The NEA was not immediately able to comment.
A long article in The Washington Post examines the ties between The Washington Post Company, the newspaper and Kaplan Higher Education. The article notes that while many credit Kaplan with providing the company with a secure financial base at a time of declining journalism-based revenue, the relationships have not always been smooth and have led to uncomfortable scrutiny. "Post Co. executives blame outside forces, including a drop in political support for private-sector education companies and 'financial and corporate agendas,'" the article says. "They also acknowledge missteps. Current and past officers say The Post Co. did not keep close-enough tabs on its fast-sprawling education unit, even as it focused heavily on customers who were poorer and thus at the riskier end of the business. But they say serving that disadvantaged population is important."
A survey of students at eight colleges and universities in North Carolina found that 17.4 percent are current users of hookahs, water pipes that have grown in popularity in recent years. Researchers at the Wake Forest Baptist Medical Center who conducted the study say that students seem unaware of health risks associated with the practice.
Disgraced financier Bernard Madoff recently gave a jailhouse interview to The Financial Times in which he said that one of his activities behind bars may soon be advising business schools. The article says: "Several business schools have approached him, he adds, and asked him to work on ethics courses. He likes that idea; Harvard and Northwestern are in his sights." The feelings may not be mutual. A spokeswoman for Northwestern's business school said that the institution is not engaged in any discussions with Madoff. (UPDATE: A spokesman for Harvard's business school said Monday morning that there was "no truth" to the idea that it was having any talks with Madoff.)

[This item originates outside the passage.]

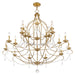 Simple elegance adorns the Chesterfield collection as strings of clear crystal gently cascade from a graceful frame of small scale tubing finished in antique gold leaf.
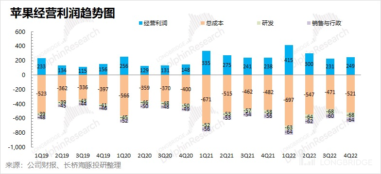 1.3 经营利润:2022 财年第四季度苹果公司经营利润 249 亿美元,同比增长 4.7%,略超彭博一致预期(245 亿美元)。经营利润重回正增长,本季度的超预期表现,最主要得益于收入端的超预期表现。

The U.S. Commission on Civil Rights refused on Friday to reconsider suspending its investigation into discrimination against women in university admissions, voting 4-3 against putting a motion on the agenda that would have reopened the inquiry. The commission voted by the same margin last month to suspend the study, which had subpoenaed data from 19 colleges within a 100-mile radius of Washington, D.C. The goal was to discover whether colleges relaxed standards for men, but not women, in order to achieve gender balance. Commissioners supporting the inquiry argued that a significant amount of data had already been collected and that abandoning the study would be a waste of resources. Its opponents, who last week argued against continuing with incomplete data, said that nothing had changed their minds.
Leading Australian universities are creating new positions to recruit and retain indigenous students, The New York Times reported. Indigenous people make up 2.4 percent of the population but 1.25 percent of students entering universities, according to a recent study by the Center for the Study of Higher Education at the University of Melbourne.